──────── Task inputs ────────

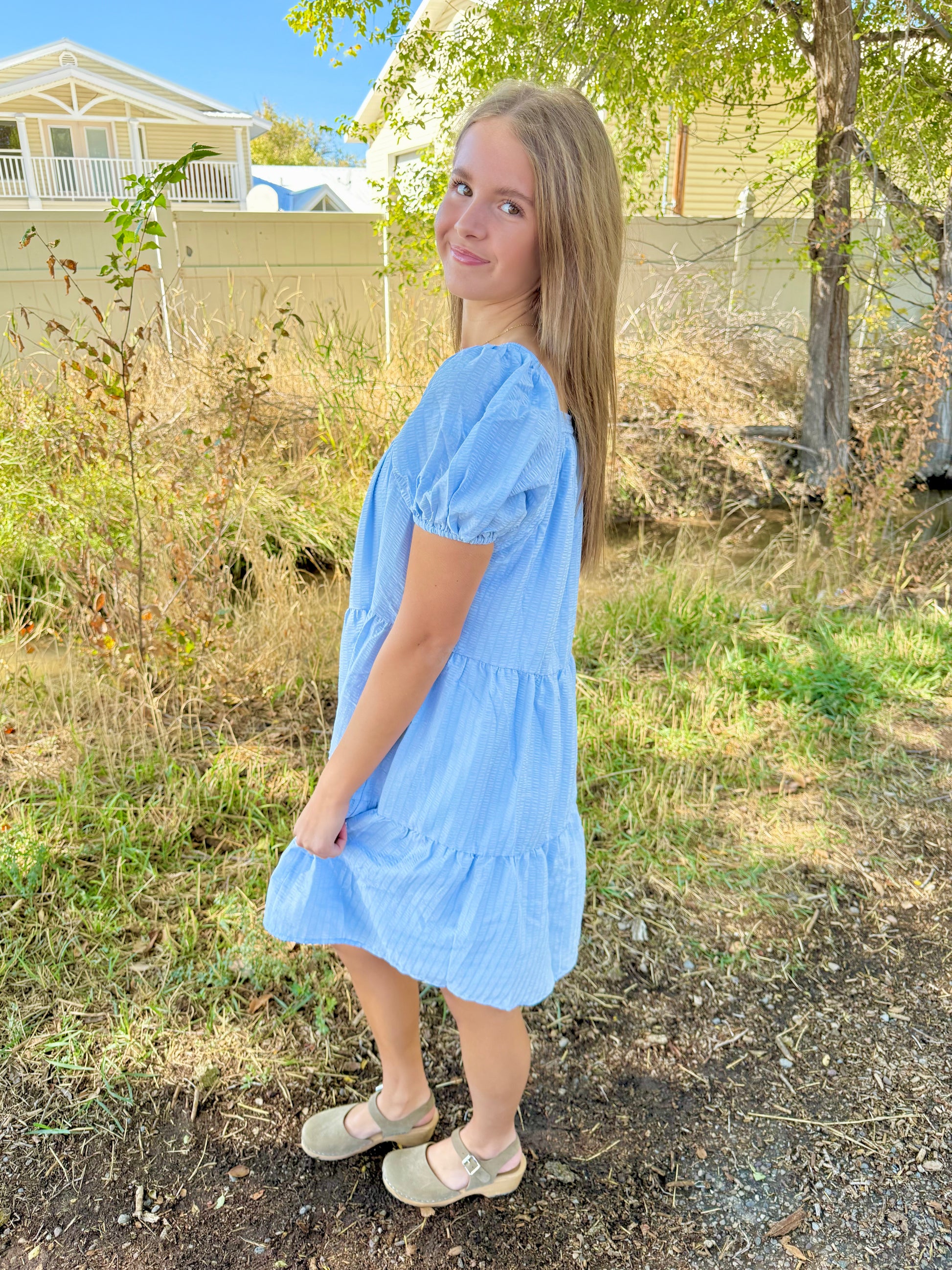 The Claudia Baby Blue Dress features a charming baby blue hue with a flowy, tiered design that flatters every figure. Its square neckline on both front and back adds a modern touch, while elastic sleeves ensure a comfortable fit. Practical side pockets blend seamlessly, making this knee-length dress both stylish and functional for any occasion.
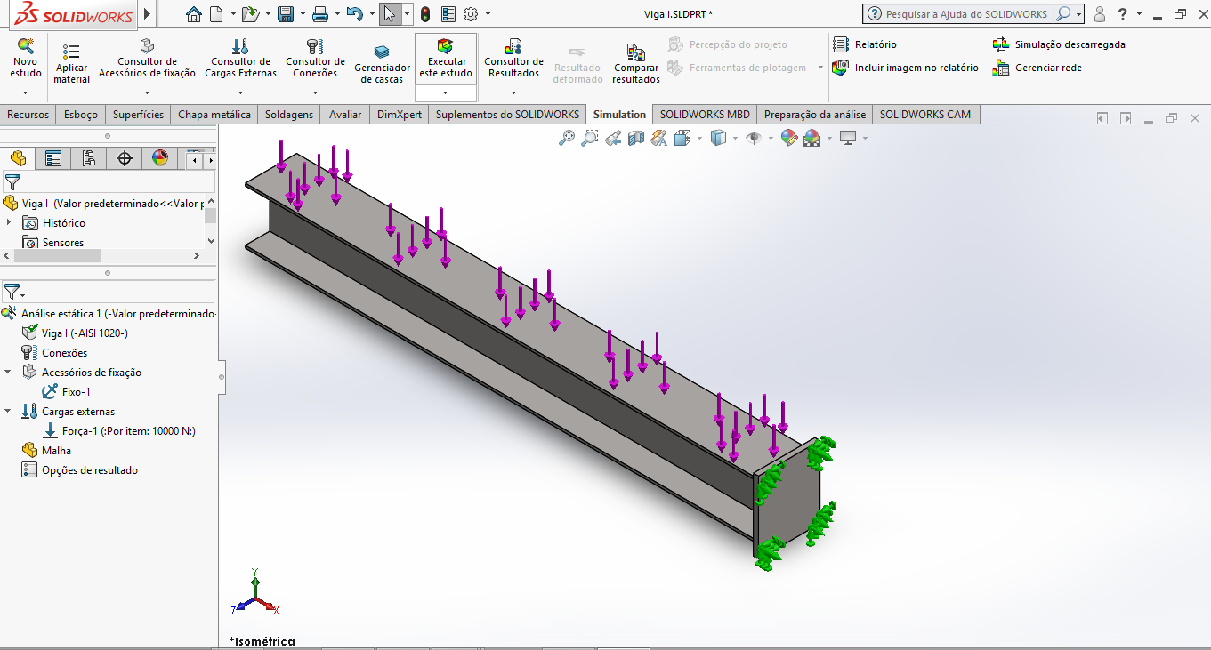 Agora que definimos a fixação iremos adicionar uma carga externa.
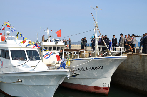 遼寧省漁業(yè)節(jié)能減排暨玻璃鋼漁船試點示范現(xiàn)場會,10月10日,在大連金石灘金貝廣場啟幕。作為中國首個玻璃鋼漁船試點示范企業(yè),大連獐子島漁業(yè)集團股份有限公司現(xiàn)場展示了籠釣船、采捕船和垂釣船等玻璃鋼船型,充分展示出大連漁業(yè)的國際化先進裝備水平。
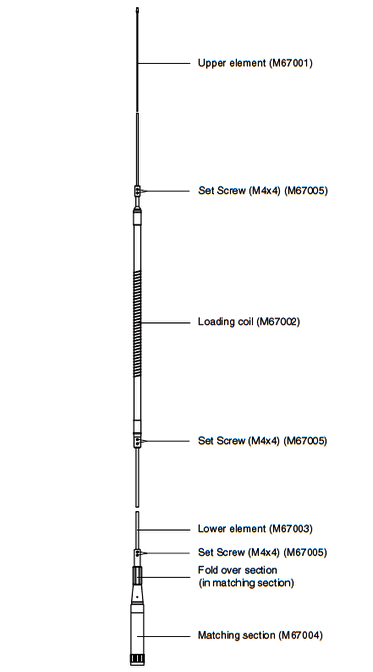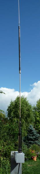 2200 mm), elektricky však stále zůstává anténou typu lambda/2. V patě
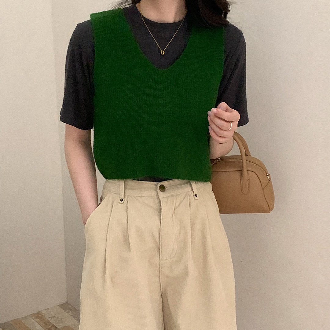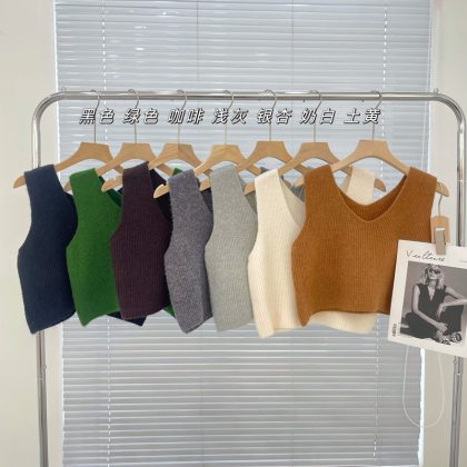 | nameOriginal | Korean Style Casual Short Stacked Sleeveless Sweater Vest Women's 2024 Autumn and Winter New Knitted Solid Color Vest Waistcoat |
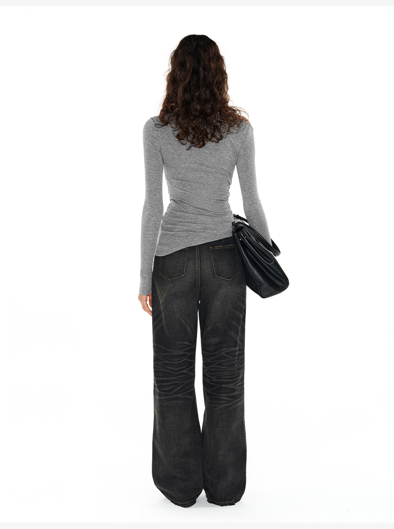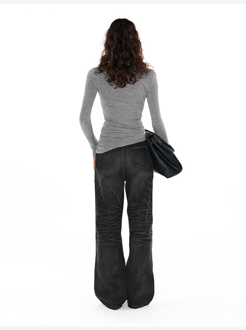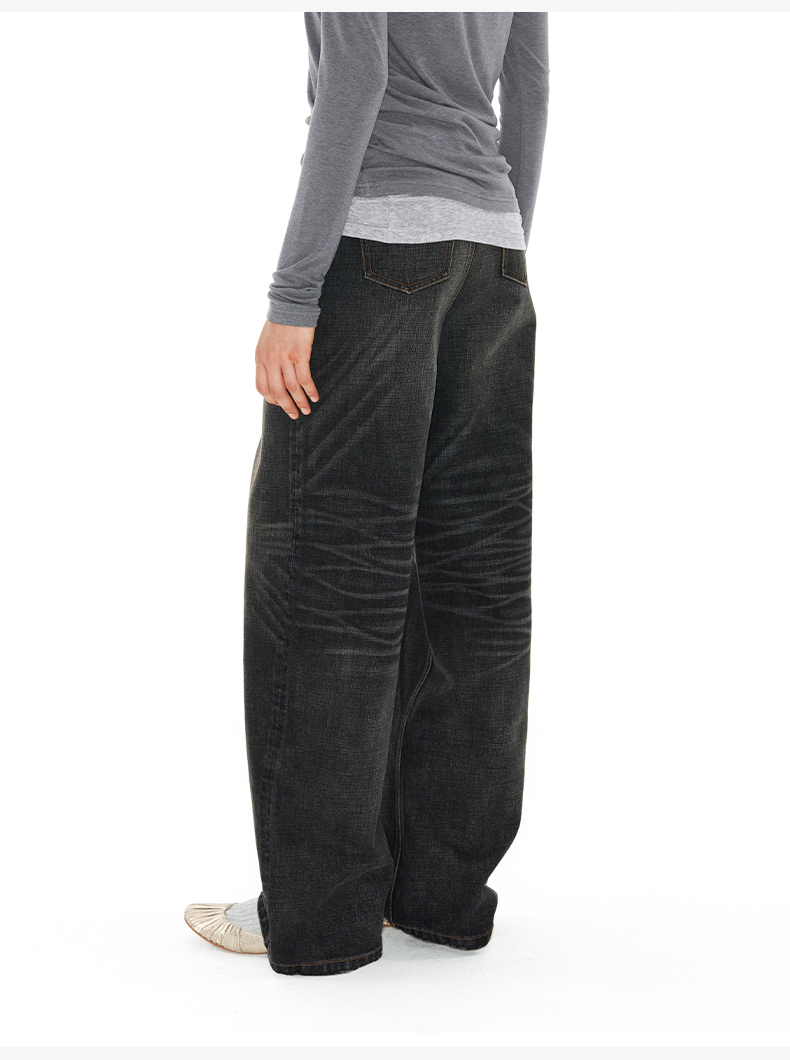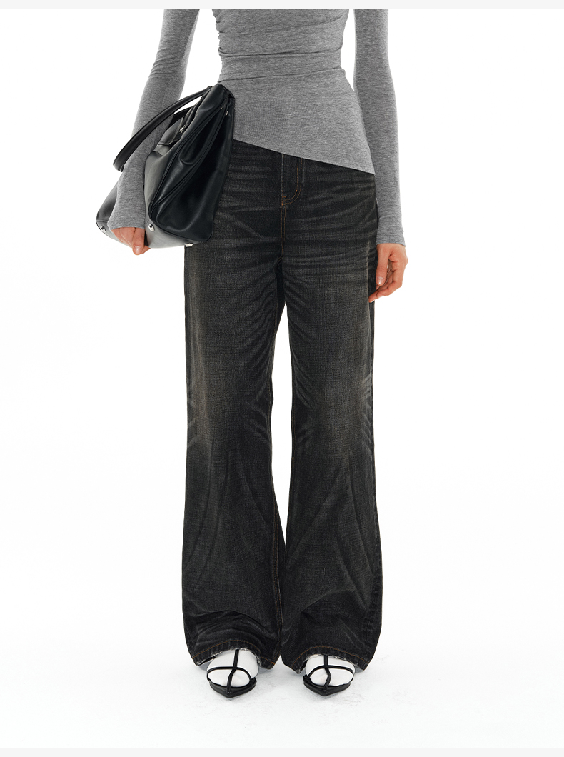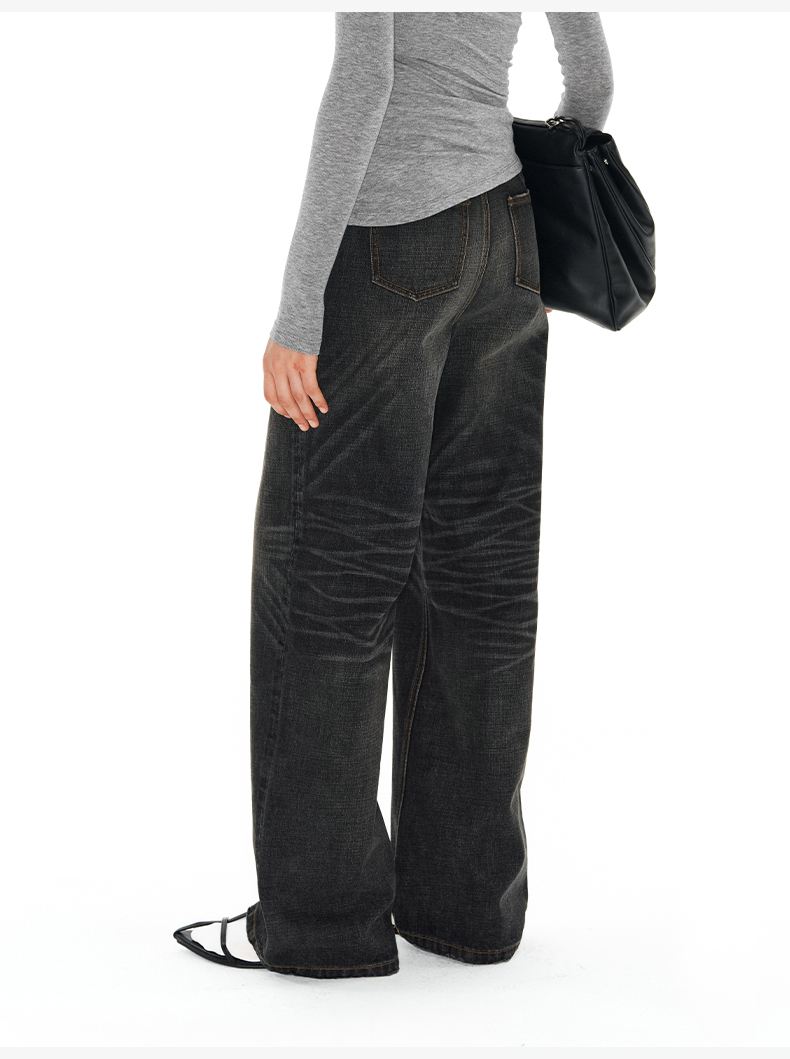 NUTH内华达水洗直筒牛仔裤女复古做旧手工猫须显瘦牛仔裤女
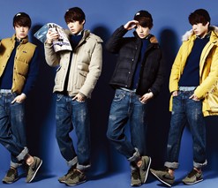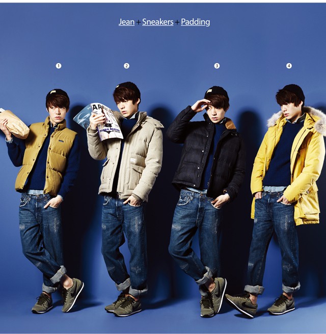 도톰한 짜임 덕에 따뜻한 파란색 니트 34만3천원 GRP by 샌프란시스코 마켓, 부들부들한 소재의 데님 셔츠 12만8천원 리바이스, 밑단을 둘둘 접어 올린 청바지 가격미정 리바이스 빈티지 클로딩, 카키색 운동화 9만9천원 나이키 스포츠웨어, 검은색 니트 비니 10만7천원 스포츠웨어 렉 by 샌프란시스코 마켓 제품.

────────

## Exercise prompt
Beginning with the line that holds "NUTH内华达水洗直筒牛仔裤女复古做旧手工猫须显瘦牛仔裤女", return each line through the end of the records above exactly. Do not include pictures.

## Exercise response
 NUTH内华达水洗直筒牛仔裤女复古做旧手工猫须显瘦牛仔裤女
 도톰한 짜임 덕에 따뜻한 파란색 니트 34만3천원 GRP by 샌프란시스코 마켓, 부들부들한 소재의 데님 셔츠 12만8천원 리바이스, 밑단을 둘둘 접어 올린 청바지 가격미정 리바이스 빈티지 클로딩, 카키색 운동화 9만9천원 나이키 스포츠웨어, 검은색 니트 비니 10만7천원 스포츠웨어 렉 by 샌프란시스코 마켓 제품.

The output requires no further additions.